YouTube / Łączy Nas Piłka / Na zdjęciu: Czesław Michniewicz
YouTube / Łączy Nas Piłka / Na zdjęciu: Czesław Michniewicz

Czesław Michniewicz będzie jednym z niewielu polskich trenerów pracujących za granicą. Były selekcjoner trafił do Arabii Saudyjskiej. – Widzieliśmy, jak świetną pracę wykonał na mistrzostwach świata – mówi nam Fahad Almofareh, wiceprezes Abhy.

Jak wiadomo, po Czesława Michniewicza sięgnął 12. klub 16-zespołowej saudyjskiej ekstraklasy. Abha Club awansował na najwyższy poziom tamtejszych rozgrywek cztery lata temu.

O tym, co to za miejsce, czego może się tam spodziewać Czesław Michniewicz, również jeśli chodzi o sprawy pozasportowe, rozmawialiśmy z saudyjskim dziennikarzem Abdulmohsenem Algabbanim. Wywiad można przeczytać TUTAJ.

A co w samym klubie mówią o ściągnięciu Michniewicza? Dlaczego właśnie on? Na te pytania odpowiedział nam Fahad Almofareh, wiceprezes klubu, nadzorujący funkcjonowanie pierwszego zespołu.

Pokazał się w Katarze

– Cała społeczność Abhy, mówię tu zarówno o kibicach, jak i działaczach, jest bardzo zadowolona z tego, że udało nam się podpisać kontrakt z trenerem Michniewiczem. A dlaczego właśnie on? Nie ma co ukrywać, że jednym z głównych powodów było to, że widzieliśmy, jak świetną pracę wykonał na mistrzostwach świata w Katarze – wyjaśnia saudyjski działacz.

Zdaniem Almofareha, Michniewicz to nie tylko plus dla samej Abhy. – Myślę, że jego obecność to też dobra wiadomość dla całej ligi saudyjskiej. Bo jeszcze raz powtórzę: mówimy o szkoleniowcu, który bardzo dobrze wypadł w finałach mistrzostw świata.

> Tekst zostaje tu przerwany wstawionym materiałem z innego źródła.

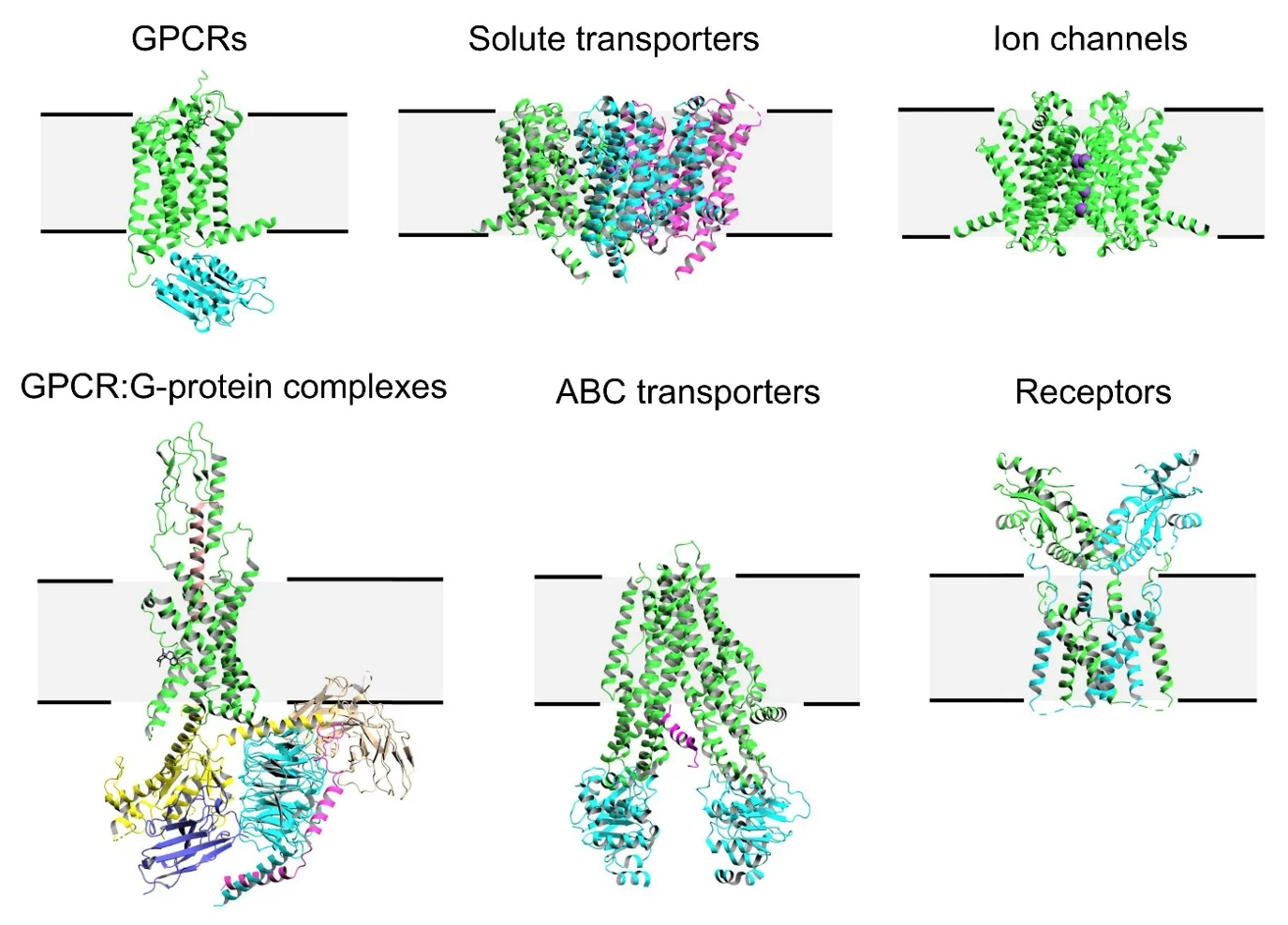 Multi-pass alpha-helical proteins – A snapshot of the membrane protein families that contain some of the most pharmacologically important targets, such as G protein-coupled receptors (GPCRs), ion channels, and transporters.

ZOBACZ WIDEO: Pożegnanie Błaszczykowskiego, przyszłość Szymona Marciniaka - Z Pierwszej Piłki #41

Działacz Abha Football Club zwraca też uwagę na jeszcze jeden aspekt. – Informację o tym, że podpisaliśmy kontrakt z trenerem Michniewiczem, zamieściła też na swoim koncie twitterowym ambasada Arabii Saudyjskiej w Polsce. To pokazuje, że podpisanie tej umowy to nie tylko kontrakt sportowy, ale też okazja do tego, aby wzmocnić relacje naszych dwóch krajów na poziomie dyplomatycznym – przekonuje arabski działacz.

To ma być inny zespół

A wracając na boisko i cele stawiane przed Michniewiczem… - Mamy nadzieję, że pomoże nam zbudować nowy, inny zespół. Taki, który będzie się różnił od tego, jaki oglądaliśmy w ostatnich sezonach – podkreśla Fahad Almofareh.

Co się kryje za tymi słowami? Większość znających tamtejsze realia uważa, że o wyborze Michniewicza zadecydowała między innymi umiejętność budowy zespołu w defensywie. Bo wprawdzie Abha w ostatnim sezonie grała odważny, ofensywny futbol, ale przypłaciła to aż 17 porażkami w lidze.

Klimat będzie mu sprzyjał

Saudyjski działacz zwraca uwagę na jeszcze jedno, o czym zresztą mówili też inni nasi rozmówcy. Chodzi o klimat. – Również pod tym względem warunki do pracy trener Michniewicz będzie miał bardzo dobre. Abha cechuje się bowiem bardzo przyjemnym klimatem. W porównaniu z takimi miastami jak Jeddah czy Riyad tu pod tym względem warunki są o wiele bardziej komfortowe - tłumaczy Almofareh.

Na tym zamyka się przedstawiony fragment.